BigQuery vs Snowflake — and the SELECT * that filled a quarterly bill
Mental model for picking the right warehouse for the right org, plus the cost-control levers each one gives you.
The SELECT * that filled a quarterly bill
A junior analyst at a company I worked with ran an exploratory query in BigQuery's UI:
SELECT * FROM events.clicks ORDER BY created_at DESC LIMIT 100;
The events.clicks table was partitioned by date, had four years of data, and was 1.2 PB. With no partition filter, the query scanned the entire table. At BigQuery's on-demand rate (~$6/TB scanned in 2025), the bill for that single query was about $7,000. The analyst wanted to see 100 recent rows. They saw them.
The org-level fix: enable require_partition_filter on every partitioned table — queries without a WHERE date >= ... predicate fail before they execute. The personal fix: WHERE created_at >= CURRENT_DATE - 7 becomes a habit you build in week one. Same mistake on a smaller 8 TB table is only $50, but the habit you didn't form there is the one that bites you on the petabyte table.
How they bill you
BigQuery
- On-demand: $5–6.25 per TB scanned (region-dependent). Only pay for what you read. Beautifully simple, ruinously bad without partition discipline.
- Reserved (slots): prepay for compute. Predictable bill, harder to right-size.
- Levers: partition (by
datetypically), cluster (up to 4 columns, secondary sort within partition),require_partition_filter.
Snowflake
- Warehouse seconds: pay per second of compute time (rounded up to the minute). Bigger warehouse = more parallelism, more $/sec.

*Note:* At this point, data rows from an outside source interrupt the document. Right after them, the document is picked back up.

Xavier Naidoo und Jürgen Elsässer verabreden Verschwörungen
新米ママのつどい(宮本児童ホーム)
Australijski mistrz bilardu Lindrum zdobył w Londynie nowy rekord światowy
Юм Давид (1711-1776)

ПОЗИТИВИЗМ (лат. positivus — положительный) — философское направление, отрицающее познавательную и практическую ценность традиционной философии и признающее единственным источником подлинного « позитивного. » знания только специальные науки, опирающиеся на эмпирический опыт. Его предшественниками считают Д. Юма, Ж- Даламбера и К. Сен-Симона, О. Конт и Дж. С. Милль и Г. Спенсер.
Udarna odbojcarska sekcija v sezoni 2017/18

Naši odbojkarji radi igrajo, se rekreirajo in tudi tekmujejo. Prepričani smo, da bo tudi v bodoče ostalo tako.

- Levers: warehouse size + auto-suspend (default 10 min idle → drop to 60s in production), clustering (automatic on small tables, manual
CLUSTER BYon large), result cache (free re-reads of identical queries within 24h).

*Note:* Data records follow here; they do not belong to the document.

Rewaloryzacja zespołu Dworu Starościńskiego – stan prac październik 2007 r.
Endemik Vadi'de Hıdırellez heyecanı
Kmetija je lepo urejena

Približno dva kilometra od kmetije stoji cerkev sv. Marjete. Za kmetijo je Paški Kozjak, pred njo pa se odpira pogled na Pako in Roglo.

Partition by date, cluster by user — what gets read
date partitions → Mar 1 │ Mar 2 │ Mar 3 │ Mar 4 │ … (1460 daily slabs)
↓
inside one day, clustered by user_id:
user 0001..0099 │ 0100..0199 │ 0200..0299 │ …
(contiguous on disk per cluster)
WHERE created_at >= '2025-03-03'
AND created_at < '2025-03-04' ◄ partition prune: 1 of 1460 (~0.07 %)
AND user_id = 47 ◄ cluster prune: 1 cluster within that day
Without the date filter: full 1.2 PB scan. With require_partition_filter = TRUE on the table, the query fails before it costs you anything — that's the org-level fix from the story.
-- BigQuery
CREATE TABLE events.clicks
PARTITION BY DATE(created_at)
CLUSTER BY user_id, country
OPTIONS (
require_partition_filter = TRUE -- queries without WHERE on created_at fail
)
AS SELECT * FROM staging.clicks;
-- Snowflake
CREATE TABLE events.clicks (
...
)
CLUSTER BY (DATE_TRUNC('day', created_at), country);
-- Snowflake doesn't have hard partitions; clustering keys reorganize micro-partitions.
-- The query that uses both:
SELECT user_id, COUNT(*) AS clicks
FROM events.clicks
WHERE created_at >= '2025-03-01' -- partition prune (BQ) or partition skip (SF)
AND country = 'US' -- cluster prune
GROUP BY user_id;
-- Without these predicates: full scan, full bill.Demonstrate *partition pruning intent* — write a query that filters on a date column and would benefit from partitioning. Return one row, one column `would_partition_prune`, with value `true` (because the query filters on `created_at` with a range predicate, which BigQuery / Snowflake can prune).
Takeaway: cloud warehouses are simple to operate and easy to overspend. BigQuery: partition + cluster + require_partition_filter. Snowflake: warehouse size + auto-suspend + clustering. Watch the cost dashboard every Monday. The $7k-on-a-petabyte story is real; the prevention is WHERE created_at >= ... as a typing habit.